A: Rejecting optimality is not to say that we under/overinvest, it’s to say that the marginal approach is the wrong way to look at it. We may want to overinvest relative to what the marginal approach would tell us.

Robert P. Merges, University of California at Berkeley School of Law, Justifying Intellectual Property

Merges presented a chapter from a book, with necessary abridgements. The chapter did not do much to convince me, but as he pointed out the project is a whole book.

The book is about ¾ defending IP and ¼ justifying in the sense that we justify margins—cleaning it up. He draws on Locke, Kant, and Rawls but suggests that you don’t have to share his normative foundations to agree with him. Midlevel principles justifying IP: efficiency, nonremoval, proportionality and dignity: these are components of shared public reason, an idea taken from Rawls—we can agree on them despite varying normative commitments.

Utilitarianism was the god that failed: difficult to make a solid case for IP on utilitarian grounds. Does not mean he abandons efficiency as an important principle for determining means to the chosen ends.

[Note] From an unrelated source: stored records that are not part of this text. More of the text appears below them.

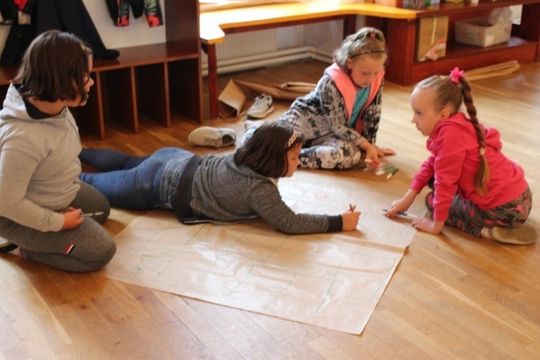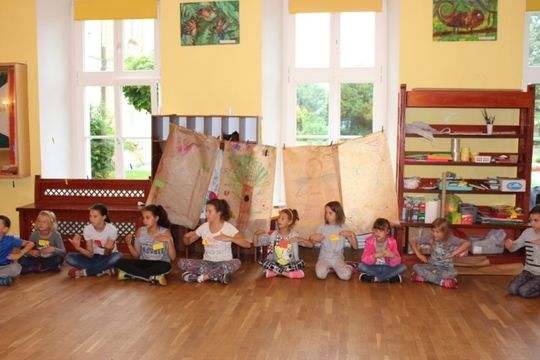 Jak pokazać dziecku , że na podwórku można bawić się lepiej niż przed telewizorem, czy grając na komputerze, play station lub komórce. Bo choć dla nas zabawa na podwórku była najwspanialszym z możliwych sposobów spędzenia wolnego czasu, dla wielu dzieci podwórko jest po prostu nudne. Podczas zajęć dzieci poznały stare i nowe zabawy podwórkowe. Były to m.in.: „Jawor, jawor”, „Głowa, ramiona”. Okazało się , że w to co bawiły się ich babcie, mamy, świetnie się sprawdza również teraz. Wiersze J. Tuwima „Dyzio marzyciel”, „Gdyby”, „Cuda i dziwy” przeniosły dzieci do Krainy Wyobraźni. Nauczyły się piosenki, którą można śpiewać w nieskończoność „Było morze”. A na koniec każde z nich stworzyło własne „okno wyobraźni”, za którym znalazł się ich magiczny, wymyślony świat.
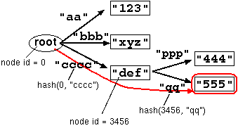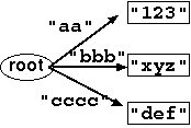 tcdb achieves compatibility with the original cdb format, i.e. you can read any cdb file with the tcdb tools, and you can also read some tcdb files with the cdb tools. The trick is that cdb files are just special cases of tcdb files representing a ``flat'' tree: all the nodes are direct descendants of the root node (Figure 2).
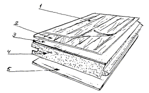 1.6. Покрытие пола из ламинат-паркета всегда укладывается «плавающим способом» без жесткого крепления к основанию (см. рис. 1). Для склеивания досок в шпунтовом соединении между собой (паза и гребня) применяются клеевые составы. Рис. 1. Конструкция пола с покрытием из ламинат-паркета: 1 - бетонная плита или стяжка; 2 - выравнивающая полимерцементная стяжка; 3 - пленка полиэтиленовая; 4 - подложка (гофрированный картон или вспененный полиэтилен); 5 - шпунтовое соединение (склеивание) ламинат-паркета; 6 - ламинат-паркет 1.7. В местах примыкания пола к стенам, перегородкам, колоннам, трубопроводам и другим конструкциям, выступающим над полом, следует устанавливать плинтусы (галтели). 1.8. Во время устройства покрытия пола из ламинат-паркета температура воздуха в помещениях, измеряемая в холодное время года около дверных и оконных проемов на высоте 0,5 м от уровня пола, должна быть не ниже 15 °С, относительная влажность воздуха не должна превышать 60 %. Такой температурно-влажностный режим необходимо поддерживать круглосуточно до сдачи объекта в эксплуатацию. 1.9. Элементы окаймления покрытия пола у каналов, лючков, температурно-усадочных швов и т.п. следует монтировать до устройства покрытия. 1.10. Все применяемые при устройстве покрытия пола материалы должны соответствовать требованиям действующих стандартов и технических условий. 2. МАТЕРИАЛЫ И ТРЕБОВАНИЯ К НИМ2.1. Ламинат-паркет или ламинированное напольное покрытие представляет собой многослойный материал (см. рис. 2), который подразделяется на множество типов (свыше 30) по износостойкости (истираемости лицевой поверхности), влагостойкости, конструкции. 2.1.1. В связи с тем, что в России отсутствуют стандарты на ламинированное напольное покрытие, при подборе, подготовке и определении физико-механических характеристик указанных покрытий следует пользоваться европейскими стандартами. В соответствии с европейскими нормами (ЕН) ламинат-паркет подразделяется на три основных типа: для помещений с низкой интенсивностью передвижения людей (спальни, кладовые); для помещений со средней интенсивностью передвижения людей (прихожая, гостиная, столовая, детская); для помещений с высокой интенсивностью передвижения людей (офисы, кафе, рестораны, магазины). Если потребитель использует ламинат-паркет в соответствии с приведенной классификацией, то на покрытие распространяется гарантия производителя. При выборе ламинат-паркета для устройства покрытия пола в помещениях в зависимости от их назначения (использования) и нагрузок следует руководствоваться показателями, приведенными в Приложении 1, а по конструктивным особенностям - в Приложении 2. 2.1.2. Ламинат-паркет первой и частично второй группы изготавливается из прессованного картона или древесностружечной плиты (ДСП), на верхнюю часть которого нанесен тонкий декоративный защитный слой. От него зависят прочность и устойчивость к истиранию. Рис. 2. Строение ламинированного напольного покрытия - доска ламинат-паркета: 1 - защитный (лицевой) слой - ламинат; 2 - декоративный слой; 3 - слои крафт-бумаги; 4 - древесноволокнистая плита высокой плотности; 5 - влагостойкий стабилизирующий слой Основой ламинат-паркета третьей группы является древесноволокнистая плита (ДВП) высокой плотности (950 кг/м3). С обеих сторон на ДВП наклеен слоистый материал, полученный под высоким

Defends Locke as working possibly better for IP than for real property; Nozick’s critique of finding the boundaries of the mixed labor can be addressed by Locke’s ideas about annexation. Kant’s writing on property also works well for IP. For Kant everything starts with freedom/autonomy—his ideas about individual ownership and its relationship to individual development have a Hegelian feel; questions about whether IP is pre-state or post-state. Rawls: are our social practices defensible as part of an idealistically fair society? Merges defends IP along two different lines: stronger case for IP for people in the original position behind the veil, though Rawls himself is not that keen on private property. IP can also be defended using the difference principle: it helps the poorest members of society enough to justify the redistribution in the direction of creatives. (I’d really like to read Lawrence Liang’s reaction to that.)

IP rights are individual rights. Modern setting: most creative professionals work in teams. One chapter is dedicated to translating the defense of IP into the modern context. Makes a limited defense of relaxing patent rights in the case of lifesaving drugs according to the Lockean charity proviso, though with attention to avoiding killing the goose that lays the golden drugs/intergenerational equity.

Chris Newman: How does IP satisfy the difference principle if you can’t prove it’s efficient?

A: difference involves redistribution. We might do that to honor their work, to help them realize their life goals; that’s different from saying it’s efficient.

Justin Hughes: Amartya Sen’s take on Rawls/justice through capacity building?

A: talks about it a little. Relates to whether or not you should take into account personal preferences/life goals or whether Rawls is at heart a utilitarian.

Me: what is nonremoval? Also whether he agrees with Kant that only creating text, not visual art, justifies rights/is related to personhood.

A: nonremoval is the public domain. He thinks Kant’s work on printing addressed a specific problem, and his writing on property generally applies to all IP.